NOTE: THE FOLLOWING STORY CONTAINS STRONG AMOUNTS OF EDGE. THIS STORY IS A JOKE AND IT WASN'T MEANT TO OFFEND ANY DUDES, KEEP THAT IN MIND BRAHS!

Pit, Captain Falcon and Mario where having a good fucking time at the dinner table. Everyone was happy, everyones having a good time. "I am having a good time" said Mario to clarify the good time they are having at this moment. Pit stood up to get some juice "we don't drink alcohol here because we can have a good time without it" he said. "Yes! Exactly! Having a good time, no violence or badness here. And im glad for it".

Suddenly the door was flung of its hinges. Loud bad music was heard coming from some headphones, which where revealed to be around a shady characters neck. "Oh god no!" said pit. It was his edgy brother, Dark Pit!

"YO FAGGOTS NICE JUICE PARTY" he yelled. The music became more clear, it was this song: watch?v=YN39bvtMJ3s

"Please Dark Pit were just having a good time please dont rui-"

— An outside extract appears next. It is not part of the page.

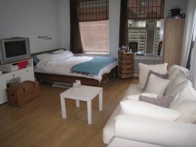 The studio can be found in the center of Meppel, in an upstairs apartment. From here the station of Meppel is at 5 minutes cycling distance, as is the city center. The studio in question is situated on the second floor of the building. The studio has its own kitchen with refrigerator. The showers, toilets and roof terrace are shared with the co-tenants.

Dark pit cut his wrists and split blood all over his brother "HAHAHAHA FUCK YOU" he said whilst kicking a cat. Mario started crying "I cant handle the edge!". Dark Pit side B's his head clean off with his big fucking metal arm. "CANT HELP BUT FEEL SORRY FOR YA" he yelled. The edge level was getting out of control. He walked up to captain falcon. He looked him dead in the eye. Falcon shivered and thought "please no" but Dark pit smiled. He picked up Falcons Juice. Falcon had tears in his eyes "NO PLEASE DONT DO IT"

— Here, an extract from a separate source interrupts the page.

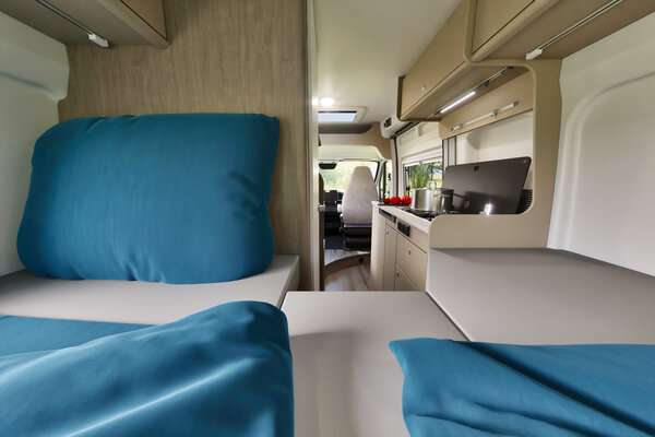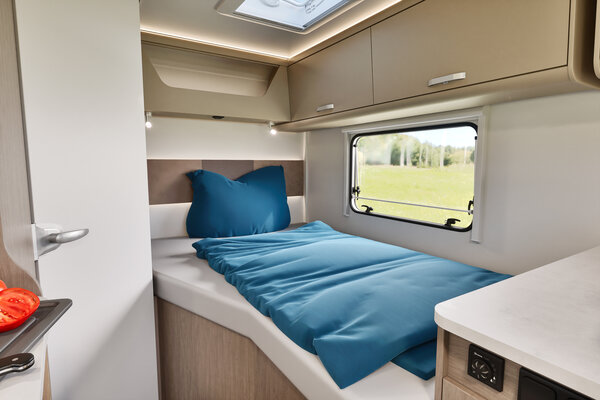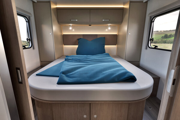 Durch das kompakte Heckquerbett nutzen Sie die volle Breite des Reisemobils optimal aus wodurch ein tolles Raumgefühl entsteht. Ausgestattet mit hochwertigen Matratzen finden Sie einen angenehmen Rückzugsort im Heck. Erholen Sie sich auf einer Liegefläche von bis zu 2,10 m x 1,5 m und verstauen Sie ganz einfach und bequem Ihr Gepäck in den praktischen Dachstauschränken über dem Bett.

But he did it. Dark pit mixed Falcons orange juice with the black current. Falcon broke down in tears screaming "WHY, FOR WHAT PURPOSE"

Dark then flipped the table over, heavy metal guitar riffs where heard everywhere. Pit went to grab Dark pits shoulder, but was cut on the edge. "NICE TRY" Dark pit edged. Dark Pit took a CD of My Chemical Romance and threw it like a sharp Frisbee, but Pit dodged it. "Your edgy music cant get me D.P!". Dark Pit smiled. "WHAT ABOUT MY EDGY GAMES?". Dark pit held three games up, Postal, Mortal Kombat and Kinect Sports. "Why Kinect sports?" Pit asked. Dark pit replied "its ironic you wouldn't understand pleb". Dark Pit tossed the 3 edgy games, Pit managed to dodge all but one, which cut into his shoulder.

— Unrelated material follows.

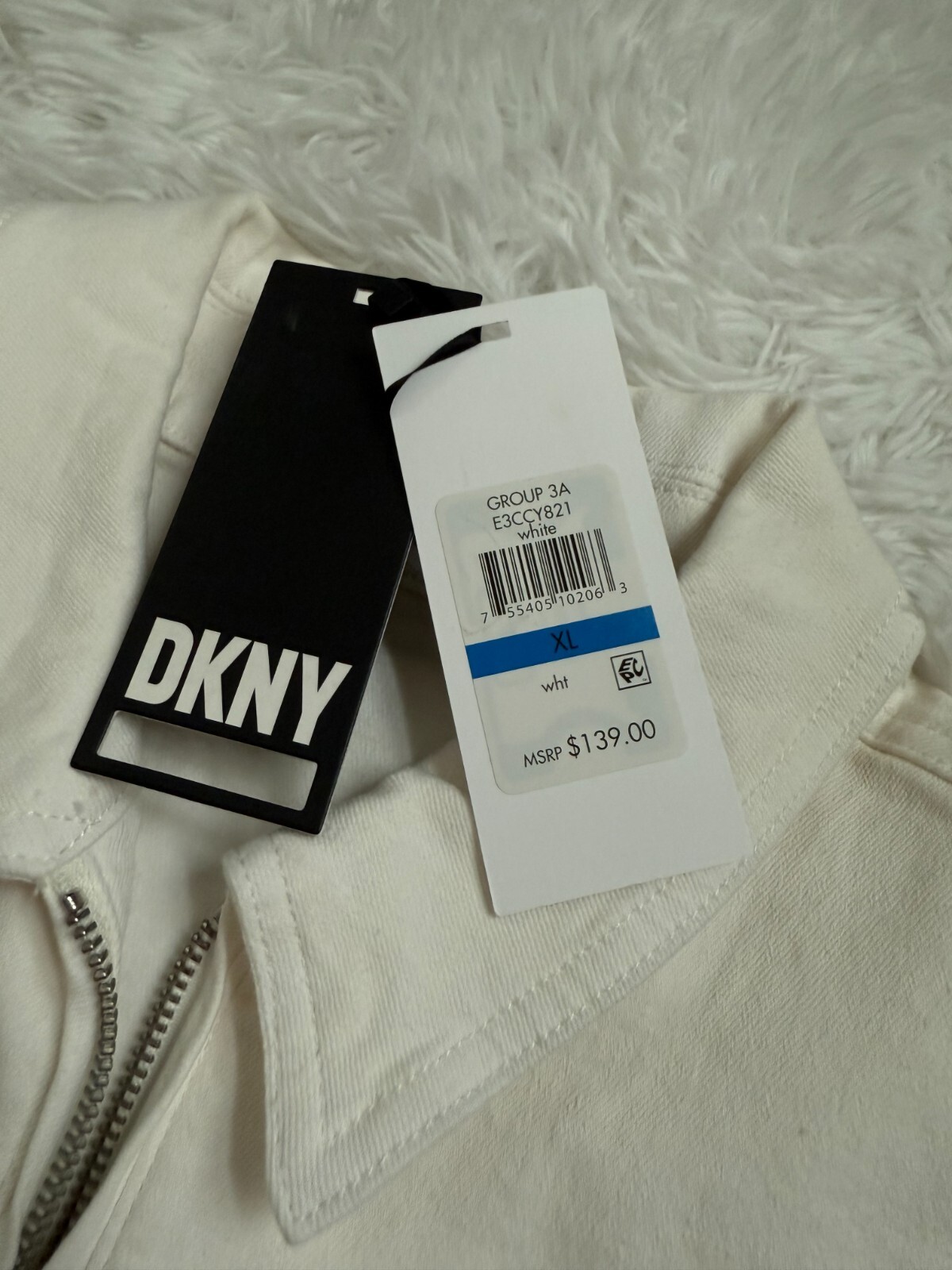 Elevate your wardrobe with this original DKNY women’s jacket , blending timeless design with modern edge. Whether you’re heading to work, traveling, or out for the evening, this jacket brings the perfect combination of fashion and function. Authentic DKNY Design : From the renowned New York fashion house, known for chic urban style. MSRP $139 – high-quality materials and construction. Tailored Fit : Designed to flatter with structured lines and a comfortable silhouette. Seasonal Versatility : Lightweight yet cozy, ideal for layering in spring, fall, or cooler summer nights. Premium Features : Zipper, functional pockets, and attention to detail throughout. Brand: DKNY Original MSRP: $139 Condition: New (if applicable)

Pit grabbed his bleeding shoulder, he realized that nothing could defeat the edge. There was only one thing to do, go even edgier. Pit stood up, and called somebody on his phone. He knew what he must do.

Almost instantly, the wall exploded, a man riding a Black Dragon covered in blood and belts arrived. Dark Pit was shocked. It was Dark Dark Pit.

"NO THATS TO EDGY"

Dark Dark Pit got down from his dragon. "HOW ABOUT YOU KILL YOURSELF YOU USELESS PIECE OF SHIT". Dark Pit was shocked, what an edgy contreversial statement! He wasn't sure if he could handle another one. "GAYS SHOULD BE GASSED". Dark pit was on the ground clutching his heart. The edge was just way to much, it wasnt even relevant edge! It was just an edgy statement for the sake of it! Why would a man be edgy just for the sake of being edgy. Dark Dark Pit spoke his final words. "COLUMBINE WAS COOL"

The edge was to much, Dark Pit exploded. But now Pit realized he had to deal with something even worse: Dark Dark Pit. Luckily, he knew the secret to defeating extremely Edgy foes like Dark Dark Pit. "Hey Dark Dark Pit, somebody said your tumblr was pretty safe for work and tame".

Dark Dark Pit was shocked. Somebody thinks that his tumblr, HIS TUMBLR? filled with death, gore and quotes from serial killers wasn't edgy? How dare they! He would show them!

Dark Dark Pit put on some death grips and ran home. Pit watched him run as he faintly heard guillotine fade away as he ran.